The measured results for the materials which seemed the best candidates for use in mm-wave lenses were included in my PhD thesis and published in a journal paper (as per the above illustration). The overall conclusion confirmed that good-quality HDPE and PTFE were the preferred choices because they provided the lowest signal loss. In the published paper the units used for the axies are somewhat arcane. At the time infra-red spectroscopists used ‘wavenumber’ as a measure of frequency. This was defined as being how many wavelengths would fit into one centimetre. e.g. ‘10 per cm’ corresponded to a wavelength of 1mm. The unit was convenient for those carrying out practical measurements because they were done using two-beam interferometers. As one of the interferometer mirrors was moved, altering the path length of one beam, the output would cycle up and down so many times for each cm of change in path difference. Hence a convenient unit for practical spectroscopists... but a head-scratching puzzle for radio astronomers accustomed to GHz!

Lenses were actually made by turning them on a lathe. This required a lot of skill on the part of the machinist because the materials were a lot ‘softer’ than metals. So they tended to deform under pressure, and then only partly spring back when the cutting edge had passed. They also would melt or degrade or small chunks might be ripped out unless cut in exactly the right way. As a result it was, in reality, one thing for me to find a ‘good’ sample of material in optical terms and then hand a chunk to a mechanical technician with a drawing of the precise lens shape I wanted. But It was something else entirely for them to have the skill and patience to actually turn up the required shape with exactly the right surfaces without degrading the material in the process! One lesson I learned very early on is that academic ability isn’t enough in itself if you want to be able to make something that works well. You also need someone with the sheer practical skills required to turn theory into reality. Fortunately for me, the QMC Physics workshop technicians had that to a remarkable degree. In particular I’d like to mention ‘Old Fred’ – an affectionate name for Fred Eskell. He gradually developed a wasting illness and became a bit slow and and shaky. Yet despite that and having to get around using sticks, he was able to machine some superbly precise work. To the point where I and others used to ask for him to do particular tasks because although it might take a bit longer, the results were worth the wait!

When people discuss science and the work of academics and scientists, all too often they overlook the vital contributions made by practical engineers and technicians. It’s all very well to come up with a natty new theory. But unless someone can make observational measurements which can test what the theory says, theory remains hot air. Physics has been defined as the ‘science of measurement’. If you can’t measure it, it ain’t physics!
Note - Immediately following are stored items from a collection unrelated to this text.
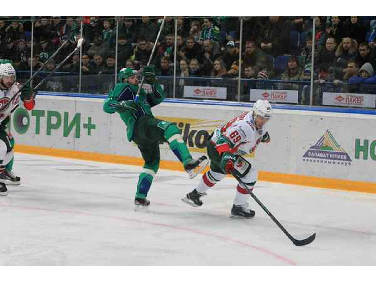 Казалось, это пробудит «Белых барсов» и они сметут оборону непредсказуемого «Салавата». Но вместо этого гости получают две шайбы в свои ворота — сначала Толпеко выстреливает из-под Никулина — 2:1. А затем и Слепышев вносит шайбу грудью в контратаке — 3:1.
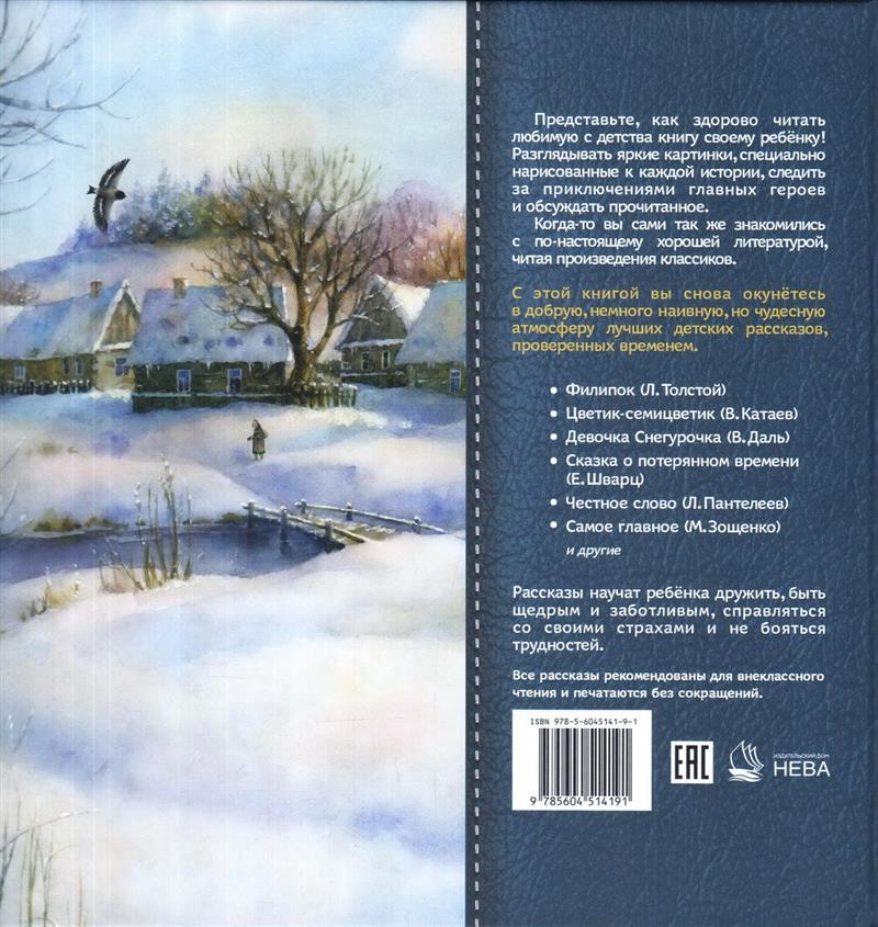 💳 Оплатить за товар можно при получении 🇰🇿 Есть бесплатная доставка по Казахстану от 1 дня 🎁 Копите бонусы с каждой покупки Рассказы, проверенные временем и великолепные иллюстрации в роскошно оформленном подарочном издании: твёрдый переплёт с особым тиснением, высококачественная мелованная бумага, крупный шрифт — совершенное сочетание формы и содержания! Представьте, как здорово читать любимую с детства книгу своему ребёнку! Разглядывать яркие картинки, специально нарисованные к каждой истории, следить за приключениями главных героев и обсуждать прочитанное. Когда-то Вы сами так же знакомились с по-настоящему хорошей литературой, читая произведения классиков. С этой книгой Вы снова окунётесь в добрую, немного наивную, но чудесную атмосферу лучших детских рассказов, проверенных временем: «Филипок» Льва Толстого, «Цветик-семицветик» Валентина Катаева, «Девочка Снегурочка» Владимира Даля, «Сказка о потерянном времени» Евгения Шварца и многие другие. Рассказы научат ребёнка дружить, быть щедрым и заботливым, справляться со своими страхами и не бояться трудностей. |
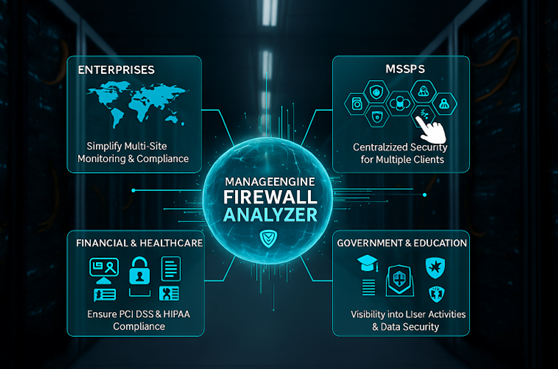 ManageEngine Firewall Analyzer is een bekroonde, agentloze tool voor loganalyse en configuratiebeheer die organisaties helpt bij het monitoren, analyseren en optimaliseren van hun firewall-, proxy-, VPN- en IDS/IPS-apparaten. Het biedt IT- en securityteams bruikbare informatie om de beveiligingspositie te versterken, compliance te waarborgen en netwerkprestaties te maximaliseren.
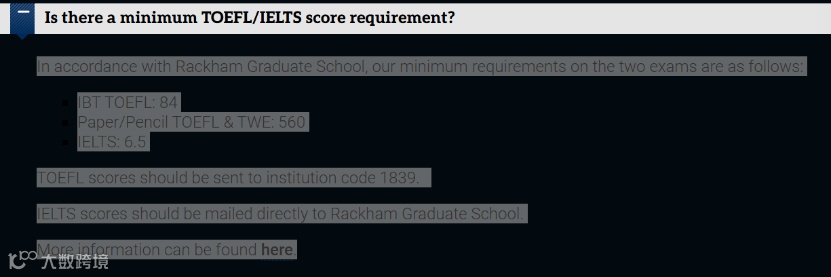 大部分项目的最低要求是TOEFL 84;IELTS 6.5,但是仅仅达到最低要求是远远不够录取的,推荐分数:
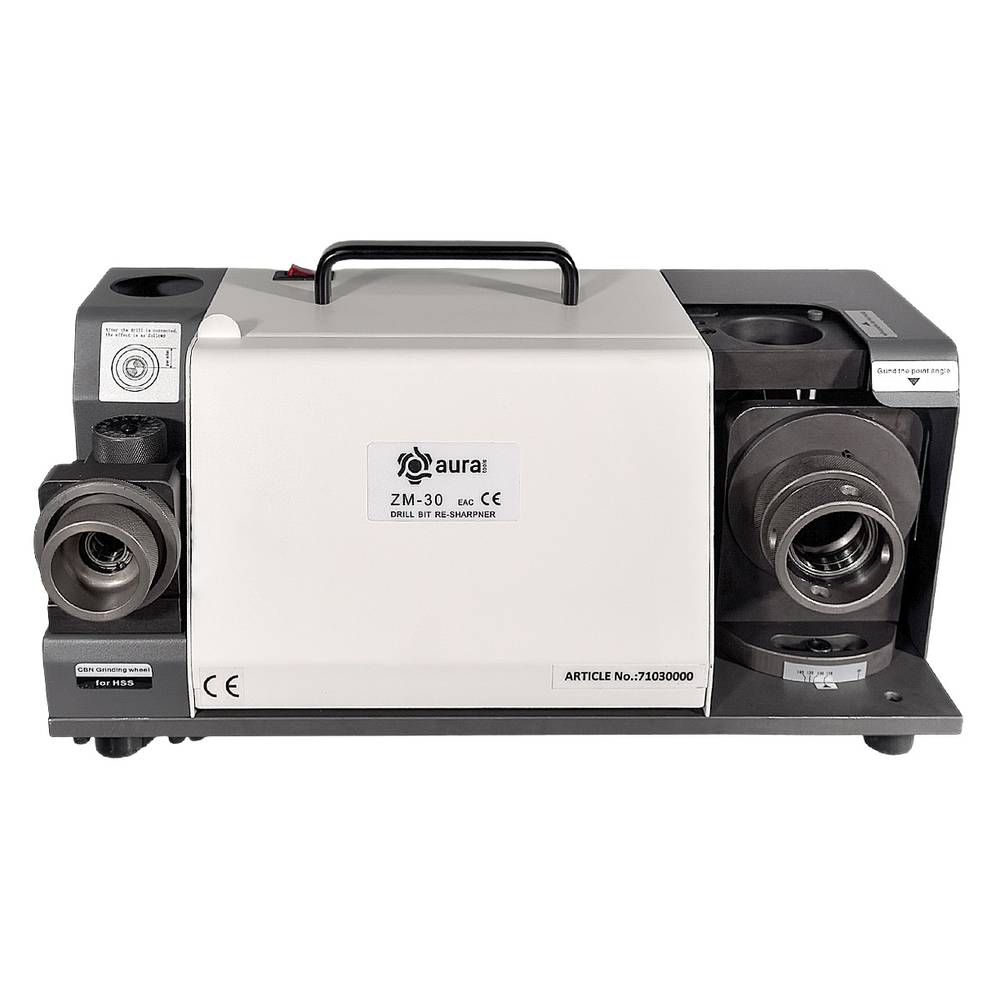 Cтанок для заточки спиральных сверл AURA ZM-30 отличается простотой в эксплуатации, точностью и быстротой в использовании. Станок не требует высокой квалификации от пользователя. Станок в базовой комплектации оснащен точными алмазным шлифовальными дисками CBN для заточки сверл из быстрорежущей стали. Диски SDC для заточки твердосплавных сверл предлагаются как опция. Расчетная точность заточки 0,02 мм. Экономичный и мощный электрический двигатель, обеспечивает стабильную частоту вращения заточного диска. Двигатель рассчитан на длительный срок службы. Станок AURA ZM-30 позволяет произвести качественную заточку спирального сверла диаметром от 3 до 30 мм с углом при вершине 90, 118, 130, 135 или 140° по передней режущей кромке с затыловкой. Для твердых сталей оптимальным углом заточки будет 135-140°, для глубокого сверления — 130°, для мягких материалов (дерево, пластик, латунь, алюминий) — 90-118°.
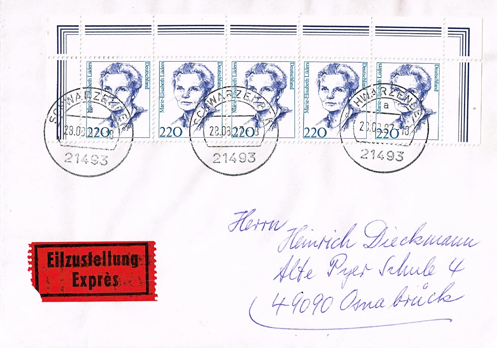 frankiert mit der oberen Hälfte eines 10er Bogens MiNr n1940 -Marie Elisabeth Lüders- 5x220 (1100)
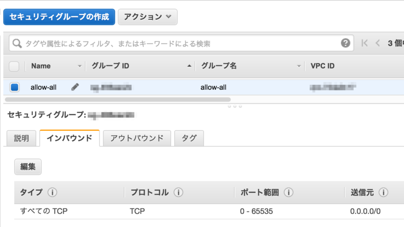 まずは全tcpアクセスを許可する設定を作ってみます。
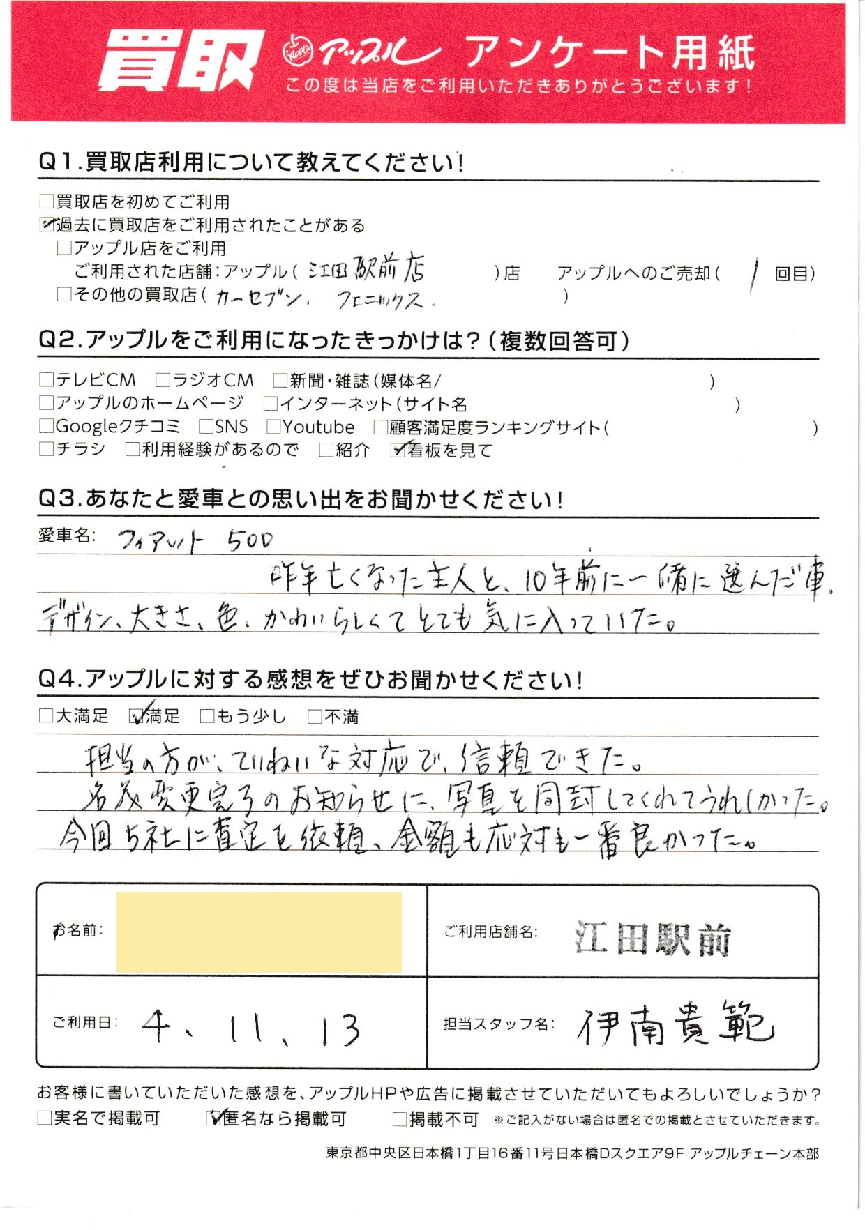お車のご相談・ 査定だけでもOK! カンタン 入力 30秒 アップルがブランド買取始めました! お電話でも受付中! 受付時間10:00 ~ 19:00 045-912-7560 お車のご相談・ 査定だけでもOK! カンタン 入力 30秒 アップルがブランド買取始めました! お電話でも受付中! 受付時間10:00 ~ 19:00 045-912-7560 アップルがブランド買取始めました! お電話でも受付中! 受付時間10:00 ~ 19:00 045-912-7560 店舗情報 在庫車 スタッフ紹介 ブログ お客様の声 キャンペーン 無料査定 click お客様の声 ご記入日: 2022/11/13 N様 車名:フィアット 500(チンクエチェント) 担当の方がていねいな対応で信頼できた。名義変更完了のお知らせに写真を同封してくれてうれしかった。今回5社に査定を依頼、金額も対応も一番良かった。 前へ 次へ お客様の声一覧を見る
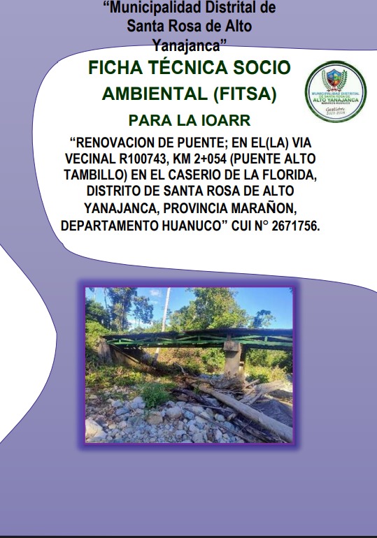 En respuesta a las gestiones de los pobladores, se ha priorizado la IOARR: “Renovación de Puente en la Vía Vecinal R100743, KM 2+054 (Puente Alto Tambillo)”, ubicado en el caserío La Florida, distrito de Santa Rosa de Alto Yanajanca, provincia de Marañón. Este proyecto busca superar las deficiencias críticas que actualmente dificultan el tránsito vehicular y peatonal, obstaculizando el transporte de productos agrícolas y el acceso a servicios y mercados, situaciones que generan pérdidas económicas recurrentes para las comunidades de la zona.
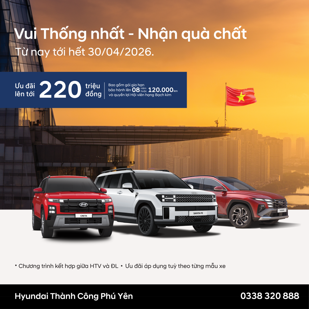 Nhân dịp lễ 30/4, Hyundai Thành Công Phú Yên mang đến chương trình ưu đãi hấp dẫn chưa từng có dành cho khách hàng mua xe:
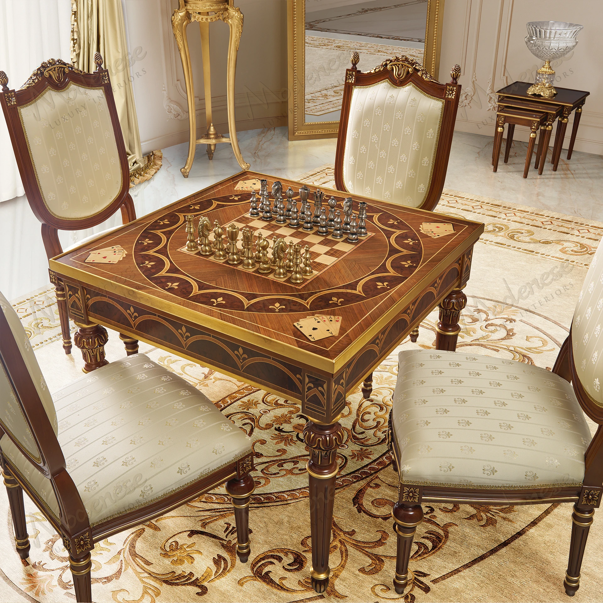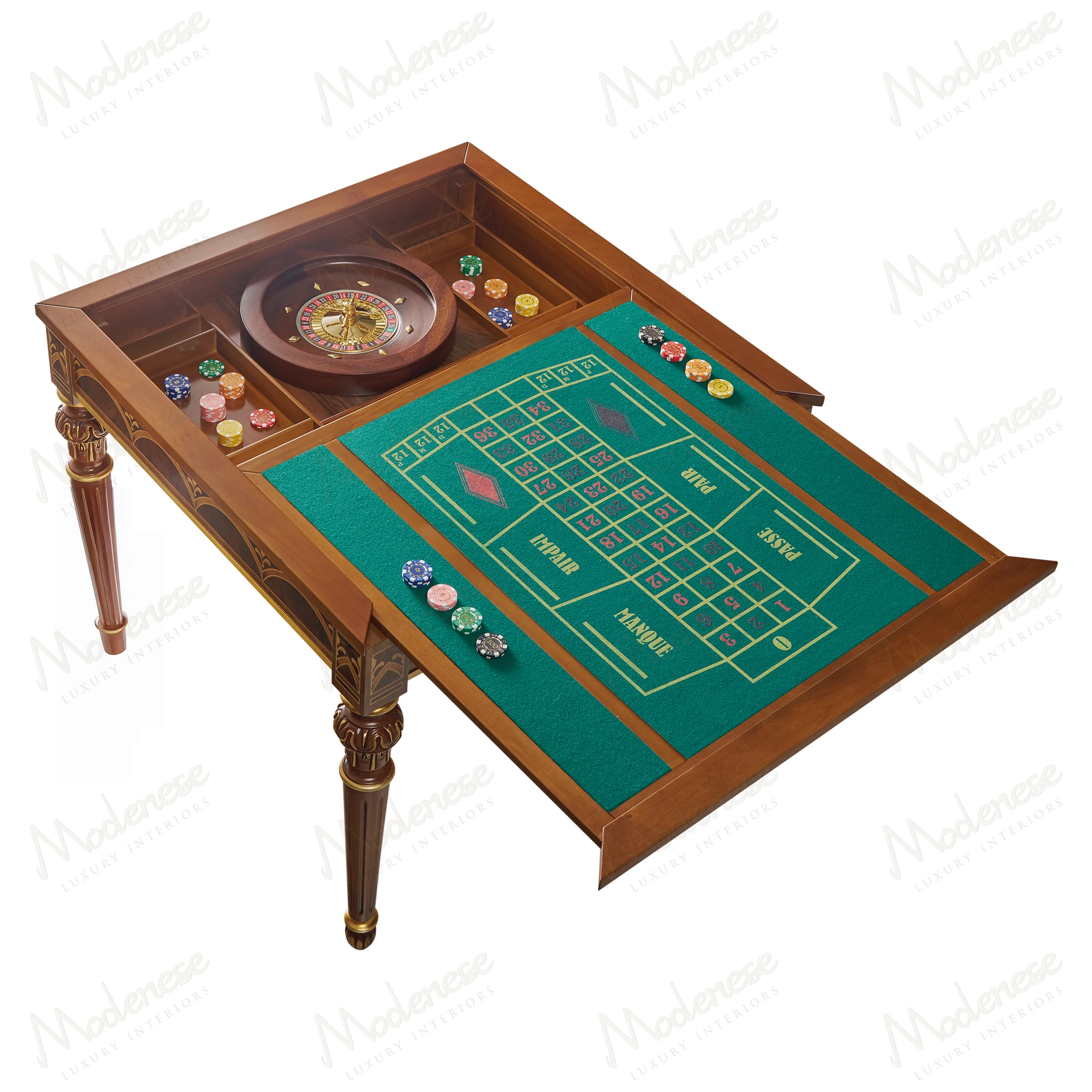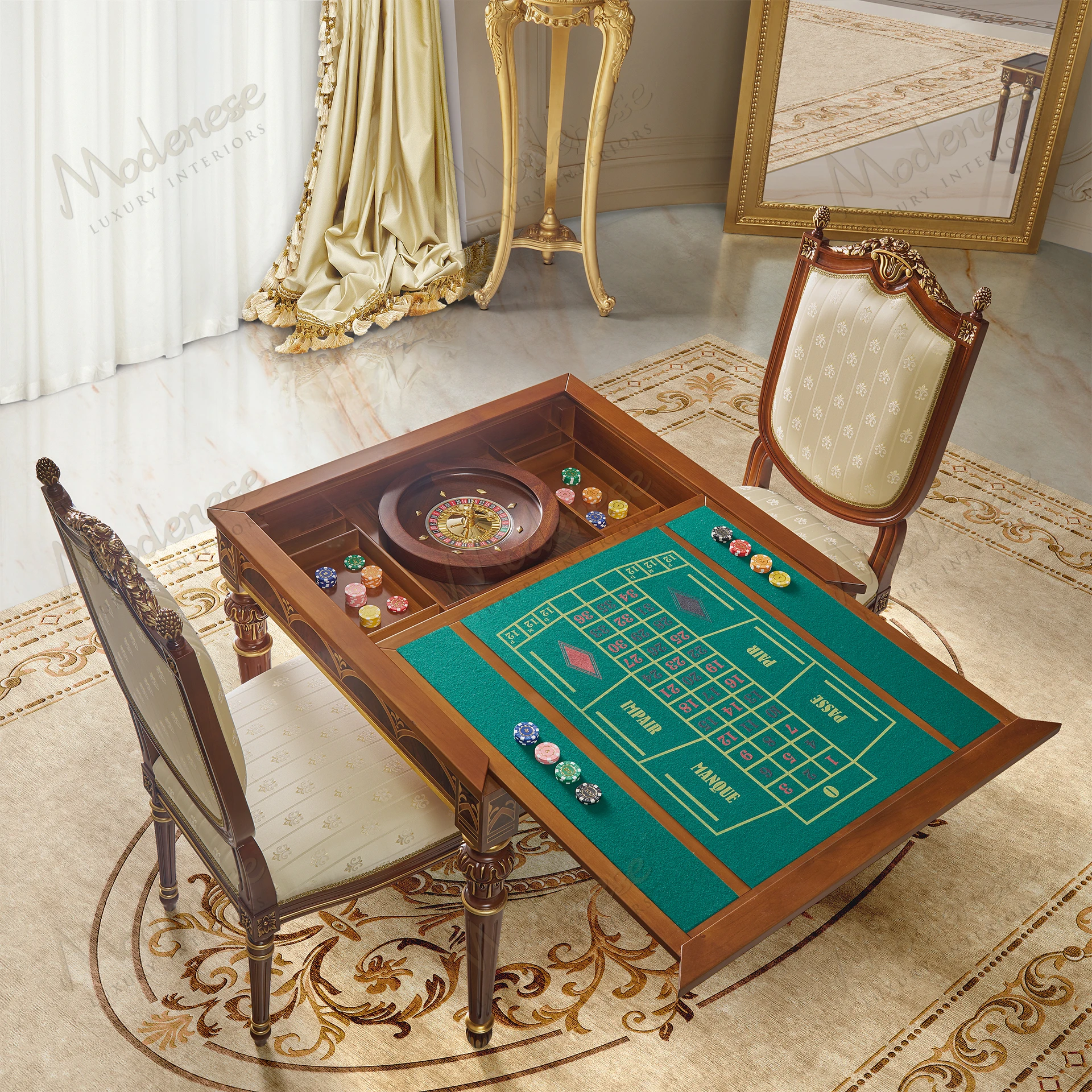 The Elite Gaming Table by Modenese Luxury Furniture is a refined celebration of leisure and elegance. Crafted with exquisite inlais and fine finishes, this multifunctional masterpiece transforms effortlessly from a luxurious chess and card table into a fully equipped roulette and casino gaming station. Ideal for exclusive entertainment rooms, it perfectly merges traditional craftsmanship with playful sophistication.
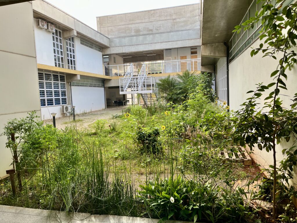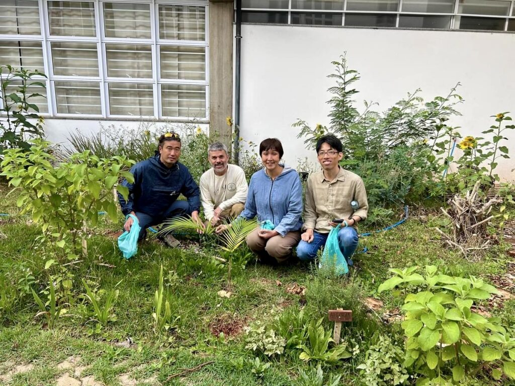 校舎の中庭には多種類の有用な草本と低木を植え合わせた実験庭園があり、無耕起・無施肥・無農薬なのでSynecocultureの基準にも合致する取り組みのようです。早朝から議論が盛り上がりました。
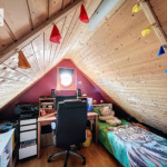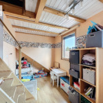 Au dernier niveau, l’espace nuit se compose de deux chambres, chacune avec un espace mezzanine, d’un palier ainsi que d’une salle de bains avec WC.

And when you want to push the boundaries of what anyone can measure to test new ideas you need someone you can turn to who can built the kit you need. In the end, that boils down to having people with the necessary practical skills even if they can’t write equations on a blackboard.

Derek Martin’s ‘Engineering Physics’ group was well founded on the above idea. It specialised in devising / developing novel instrumentation and performing challenging measurements. An approach which chimed nicely with my experience developing electronics for industry. In addition, QMC was one of the first UK Universities to set up a ‘commercial’ arm. This was under the general title of ‘QMC Instruments’ and also used other names like ‘QMCIRL’. The idea was to sell items or design consultancy work as a spin-off from the research work being done at QMC. The range of fields this covered was quite diverse. For example, although Infra Red and MM-Wave items were a part, ultrasonic bat detectors were also something of a best seller at the time! As a result of this, I gradually started to do more and more bits of work for QMC Instruments. I’ll say more about that, later on...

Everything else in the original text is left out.